ASSIGNMENT
Keep to one stretch of the data below, the lines from the one with "圖3:Na2EDTA改性前后活性炭的XPS分析。" up to and including the one with "I love how this", and return that stretch exactly.

DATA FOR REVIEW
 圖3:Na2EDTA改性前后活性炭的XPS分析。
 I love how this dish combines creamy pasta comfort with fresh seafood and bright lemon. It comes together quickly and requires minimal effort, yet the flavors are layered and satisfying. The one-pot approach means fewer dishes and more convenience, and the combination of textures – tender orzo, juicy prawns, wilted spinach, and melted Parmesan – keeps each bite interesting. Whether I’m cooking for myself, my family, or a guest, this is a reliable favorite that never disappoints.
...
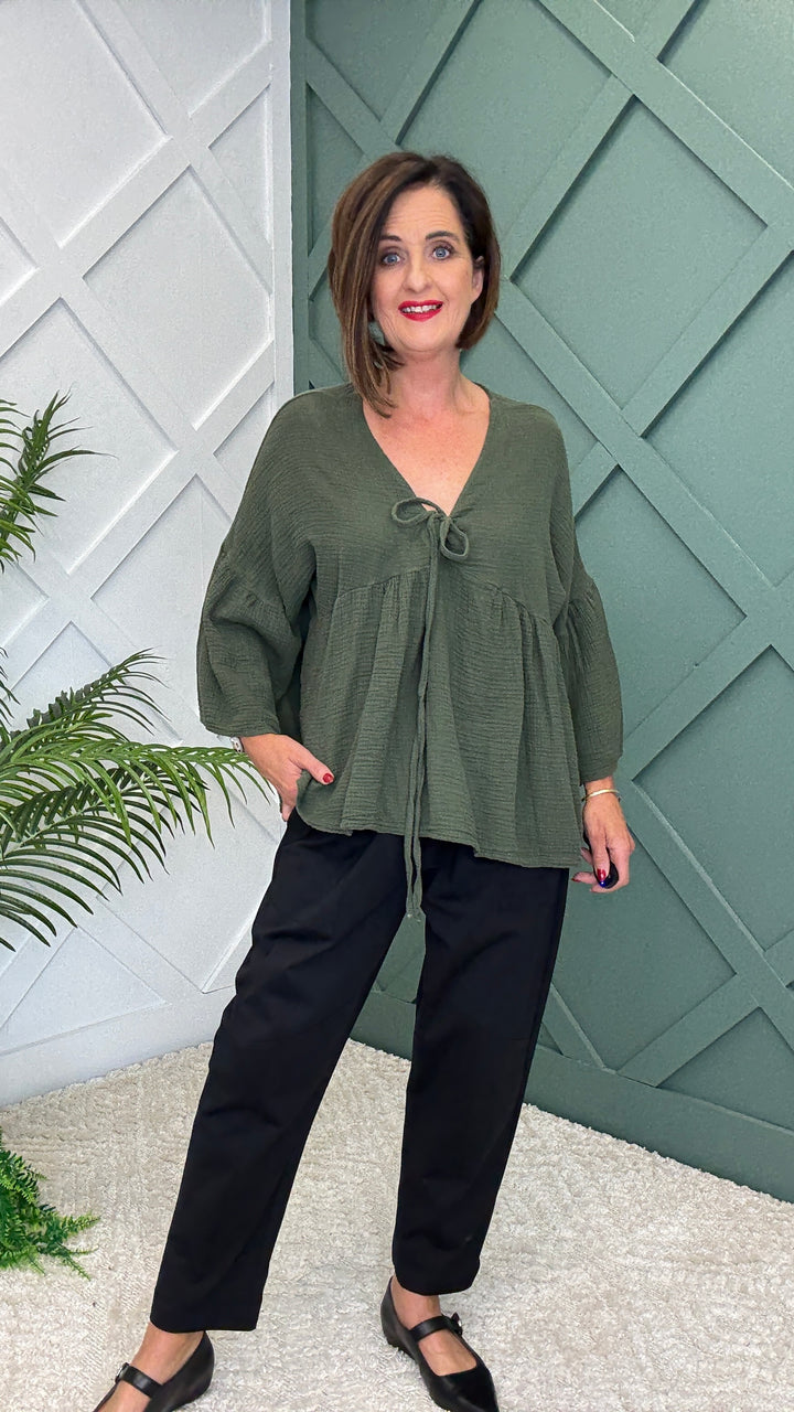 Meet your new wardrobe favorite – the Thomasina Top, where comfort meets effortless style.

EXERCISE RESULT
 圖3:Na2EDTA改性前后活性炭的XPS分析。
 I love how this dish combines creamy pasta comfort with fresh seafood and bright lemon. It comes together quickly and requires minimal effort, yet the flavors are layered and satisfying. The one-pot approach means fewer dishes and more convenience, and the combination of textures – tender orzo, juicy prawns, wilted spinach, and melted Parmesan – keeps each bite interesting. Whether I’m cooking for myself, my family, or a guest, this is a reliable favorite that never disappoints.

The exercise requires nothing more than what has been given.